Jean Shepherd was a saucy writer and radio raconteur whose novel "In God We Trust: All Others Pay Cash" was published in 1966. I was not alone in the late nights when I would listen to his radio monologues that challenged various bits of America's conventional wisdom.

Looking back, rightly or wrongly, I see both the conventional wisdom and the challenges to it as a natural outgrowth of the hellish uncertainties that had been World War II. War challenged the comforting and unexamined trust that peace can instill.

But the rigidities of that trust could be and were stultifying and Shepherd called them out. He was, in his time, a bad boy when so many were trying to reclaim the goodness and ease that rests on trust. White picket fences and an idealized family unit were such a relief in the wake of so much horror. Shepherd was a skeptic and, in his time, I was a teenager and therefore a skeptic as well ... though my skepticism was far less informed and well-stitched and fun than Shepherd's.
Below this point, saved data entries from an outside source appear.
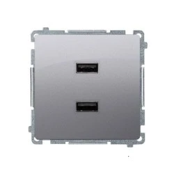Simon Basic Ładowarka USB podwójna inox, metalizowany BMC2USB.01/21
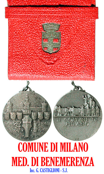 R.   AI BENEMERITI DELLA CROCE ROSSA ITALIANA  Nel centro in alto stella raggiante con sotto entro rami di palma, alloro e quercia, aquila sabauda coronata, con ali spiegate, su cartiglio entro cui stemma sabaudo. In basso nastro su cui: INTER. ARMA CHARITAS In piccolo: JOHNSON-MILANO.
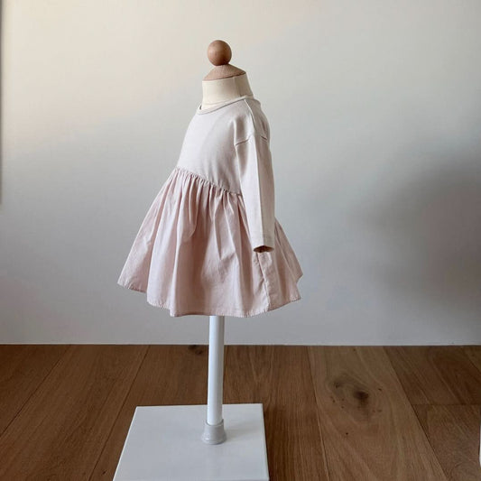 Girls Monbebe Long Sleeve Ruffle Dress (1-4y) - Beige Pink
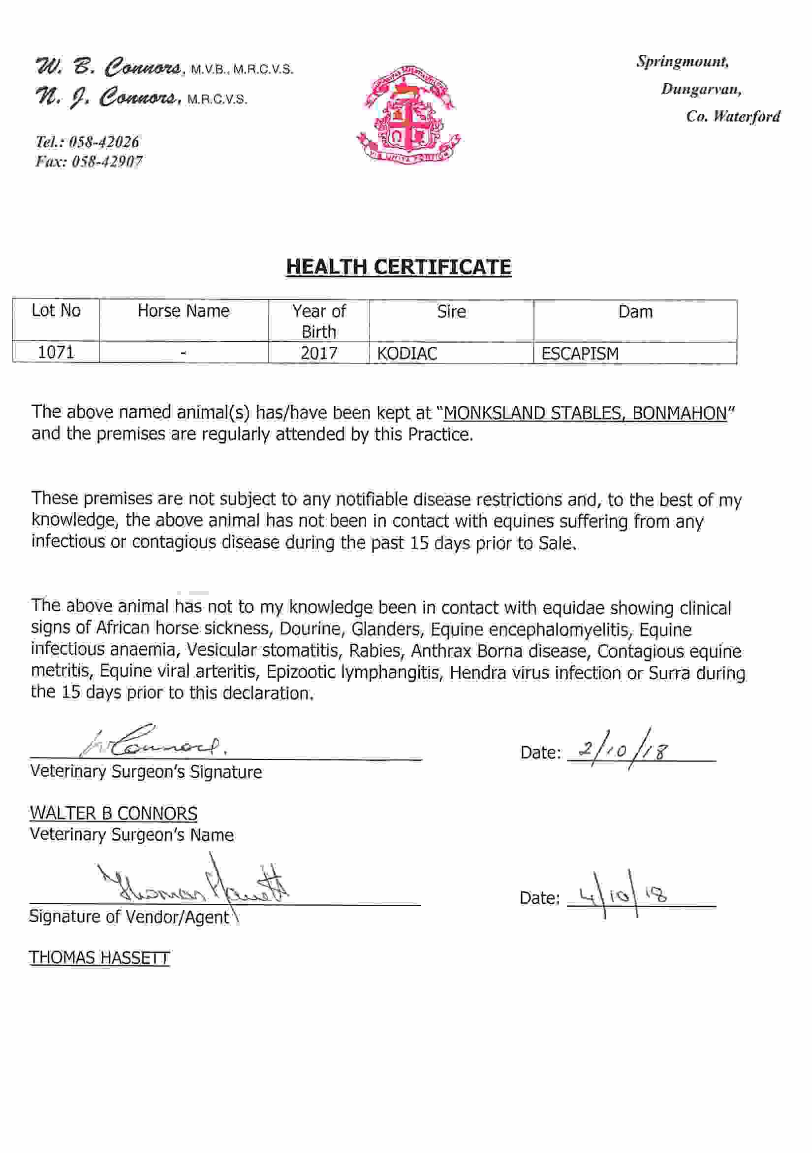 Consignor: Monksland Stables, Ireland

Trust and skepticism ... but mostly trust is where my mind wanders this morning. In Shepherd's time, the Internet had no footing and as a result he was among the lone and lonely voices that pointed out a needful skepticism. But nowadays -- 50 years after "In God We Trust..." -- there is so much room and reason for skepticism that it feels as if the shoe might be on the other foot: Is there no where and nothing in which to trust? Is there a visceral demand (the one 2016 presidential wannabes would love to tap into) for a trust that will be requited? Will people shed blood in order to assure some version of that trust, whether or not it is warranted?
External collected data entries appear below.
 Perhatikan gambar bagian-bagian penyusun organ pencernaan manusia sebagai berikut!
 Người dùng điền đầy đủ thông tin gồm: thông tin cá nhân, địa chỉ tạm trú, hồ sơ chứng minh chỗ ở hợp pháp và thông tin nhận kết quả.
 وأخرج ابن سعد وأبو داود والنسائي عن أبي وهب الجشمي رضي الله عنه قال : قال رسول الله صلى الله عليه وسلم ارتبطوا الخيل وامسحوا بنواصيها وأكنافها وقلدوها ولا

Skim the Internet for institutions in which Americans have lost faith and the list goes on and on and on and on. Here's one example. Schools, politics, banks, Washington, doctors -- poll after poll finds a dwindling faith or trust. The military fares better than most, but not that much better.

But if you doubt everything, what do you trust?

Do you trust the doubt?

Is it trust-worthy?

What interests me is the real, rather than slick, answers. Is Tennyson right: "'Tis better to have loved and lost/ Than never to have loved at all?" Is the longing for an undoubted assurance worth even the price of being another duped fool? For many, I suspect, it is, although no dupe ever thought of himself as a dope.

Skepticism has its wiles, not least the come-hither invitation to be skeptical of skepticism.

Doubt all you like ... insist on trust.

What a merry-go-round.

1 comment:

  1. I think you can trust people to be who they are. Perhaps that urges one to study them more carefully. And i think you can trust that we live in interesting times, always have i suppose. But we're a fortunate generation in that when interesting begins to overwhelm, we have TV.